Hmm, no. This is wrong. `add DWORD PTR u[rip], 1` or **any instruction with a memory operand is *not* atomic on x86**. `add rax, 1` (or any instruction with a register operand) would be atomic, but when you have a memory operand, the instruction is decomposed into ~3 micro-ops (a load, an add, and a store in this case), which means it is not atomic. I guess you kind of try and weasel out of this by saying it is only atomic on a single-CPU system, but that doesn't make much sense. It's still *not atomic*, by definition, and with multiple threads, you're still hosed without a `lock` prefix. – Cody Gray - on strike Jan 24 '17 at 07:10
@CodyGray I certainly take your point on multi processor systems being common now, but I none the less believe this is indeed atomic on a single processor. Even though this gets broken down into multiple micro ops, the CPU is not preemptable between their execution meaning another thread will never take control. – Vality Jan 24 '17 at 07:16
1

I'm not the one who said that multi-processor systems are common now, that was Patrick. Even on a single-processor system, instructions with a memory destination (other than simple stores) are *not* atomic, and you will run into race conditions if you have multiple threads. If you have a single-processor system *and* a single-threaded process, then the entire concept of atomicity is meaningless—every operation is trivially atomic. – Cody Gray - on strike Jan 24 '17 at 07:18
@PatrickTrentin I certainly accept your reasoning and you are welcome to -1 if you feel that way. Though mind I did mention explicitly several times in the post that I was considering a single processor system. And stated that the instruction lacks atomicity on a multi processor board. Still you make a fair point. – Vality Jan 24 '17 at 07:19
@CodyGray I think you misunderstand me. Even if there are multiple threads on a single processor system, for another thread to mess up the the operation of the other it has to preempt said thread. This is only possible at certain points, and not during the execution of an instruction. (Assuming I havnt badly misunderstood X86) – Vality Jan 24 '17 at 07:21
Oh, right. I see what you're saying. I replied to your last comment without seeing your edit. Yes, I suppose that's true; execution can't be pre-empted in the middle of these micro-ops. Still, I think the answer is misleading.
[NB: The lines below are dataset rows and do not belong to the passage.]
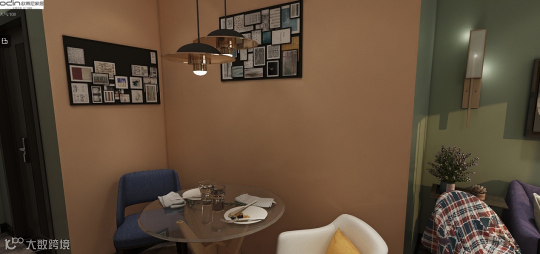 餐厅悬挂两个高低不同的吊灯堪称亮点,不仅让光源聚集在餐桌之上,让住户尽情享用美食,折叠墙最怕视觉聚焦在墙角,关注空间的狭小,为了增强空间整体的立体感,最大化的利用多元化元素对空间进行美化,两个墙面贴着美式图集,给人以温馨的感觉,同时富有鲜明个性。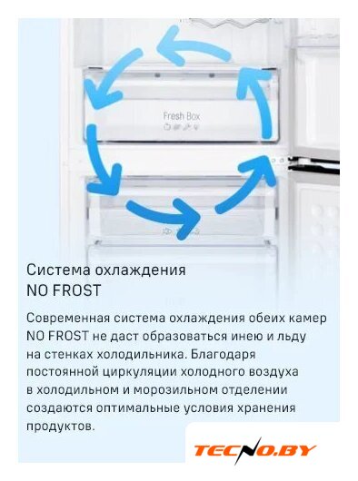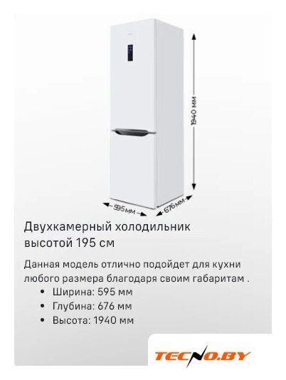 отдельностоящий, полный No Frost, электронное управление, класс A+, полезный объём: 417 л (288 + 129 л), инверторный компрессор, лоток для яиц, 83.6x63.6x183 см, синий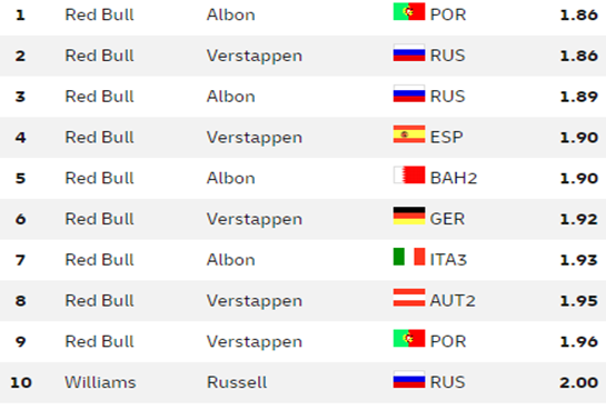 - Mercedes 13, Red Bull 2, Alpha Tauri 1, Racing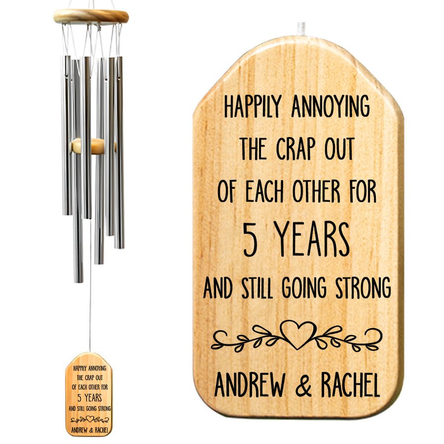 Romantic Wooden Anniversary Gifts | 5 Year Anniversary Gift For Husband | Photo Wind Chimes | Personalized Wind Chimes With PicturesShop now wood gifts anniversary to give your loved one an anniversary wind chime that represents the memories being made, year after year. The music will remain long after the gift, evoking a lifetime of love with each gentle note.

This is a relatively tricky area that many programmers misunderstand. – Cody Gray - on strike Jan 24 '17 at 07:22
1

@CodyGray really though, thank you for the commentary, I take your point that this might be misleading to some programmers. Truthfully I am actually an embedded developer, mostly working on small single core 80386, POWER and ARM boards so that is where my area of detailed analysis and expertise most lays. Specifically my comments regarding X86 having the most coherency was compared to RISC architectures where being preempted during execution of what would be a single instruction on a CISC CPU is both a real issue and common occurance. In my experience therefore X86 tends to be much more... – Vality Jan 24 '17 at 07:31
Likely to "hide" these problems by working most or all the time even in broken code while RISC CPUs will fail or act erratically frequently. I will try and make another edit when I have time to go into more detail on all this. – Vality Jan 24 '17 at 07:31
3

Oh, definitely. x86 has tons of backwards-compatibility…stuff to make sure that incorrectly-written code works to the extent possible. It was a really big deal when the Pentium Pro introduced out-of-order execution. Intel wanted to make sure that the installed base of code worked *without* needing to be recompiled specifically for their new chip. x86 started out as a CISC core, but has internally evolved into a RISC core, although it still presents and behaves in many ways as CISC from a programmer's perspective. For more, see Peter Cordes's answer [here](http://stackoverflow.com/q/39393850). – Cody Gray - on strike Jan 24 '17 at 07:35
2

@Vality sure you repeat it several times, but that's only starting from the third paragraph. Such an important detail should be the opening statement of your answer, not hidden half-way in, because it makes the first half confusing for no good reason whatsoever. – Patrick Trentin Jan 24 '17 at 08:20
1

Just a side note that somepeople may find relevant. Windows (the most common operating system on x86) by default favors sending instructions from each thread to the core on which its parent thread is operating, unless explicitly told not to. So even in a multicore system, if its running windows, race conditions are likely to be avoided assuming default configurations. – kingfrito_5005 Jan 24 '17 at 21:58
@PatrickTrentin I added another comment to the second paragraph to that effect, I didnt want to edit the first as that was a very general statement which was not at all architecture specific. I hope that's OK. – Vality Jan 25 '17 at 00:32
@CodyGray: Actually, `inc [mem]` on a single *core* machine is atomic *with respect to other threads*. An interrupt + context-switch can happen either before or after the instruction, but not in the middle. On a UP machine, you only need `lock inc [mem]` to make it atomic for a DMA or MMIO observer. Of course, compilers are free to compile `num++` into more than one instruction, so you need to use C++11 `fetch_add`! Fun fact: [Linux booting on a uniprocessor system will patch the `lock` prefixes to `nop`](https://lwn.net/Articles/164121/), except in MMIO functions. – Peter Cordes Jul 12 '17 at 21:29
Agreed that this answer is of little value on this question, though, since the OP is clear that they have a quad-core CPU. Anyway, this atomic-on-single-thread issue has been explained better in other answers, e.g. [supercat's on the atomic `num++` question](https://stackoverflow.com/a/39396781/224132) – Peter Cordes Jul 12 '17 at 21:29

score 20 · Answer 3 · edited Jun 08 '17 at 12:52

20

I think it is not so much the thing if you put a sleep before or after the u++. It is rather that operation u++ translates to code that is - compared to the overhead of spawning threads that call foo - very quickly performed such that it is unlikely to get intercepted. However, if you "prolong" the operation u++, then the race condition will become much more likely:

void foo()
{
    unsigned i = u;
    for (int s=0;s<10000;s++);
    u = i+1;
}

result: 694

BTW: I also tried

if (u % 2) {
    u += 2;
} else {
    u -= 1;
}

and it gave me most times 1997, but sometimes 1995.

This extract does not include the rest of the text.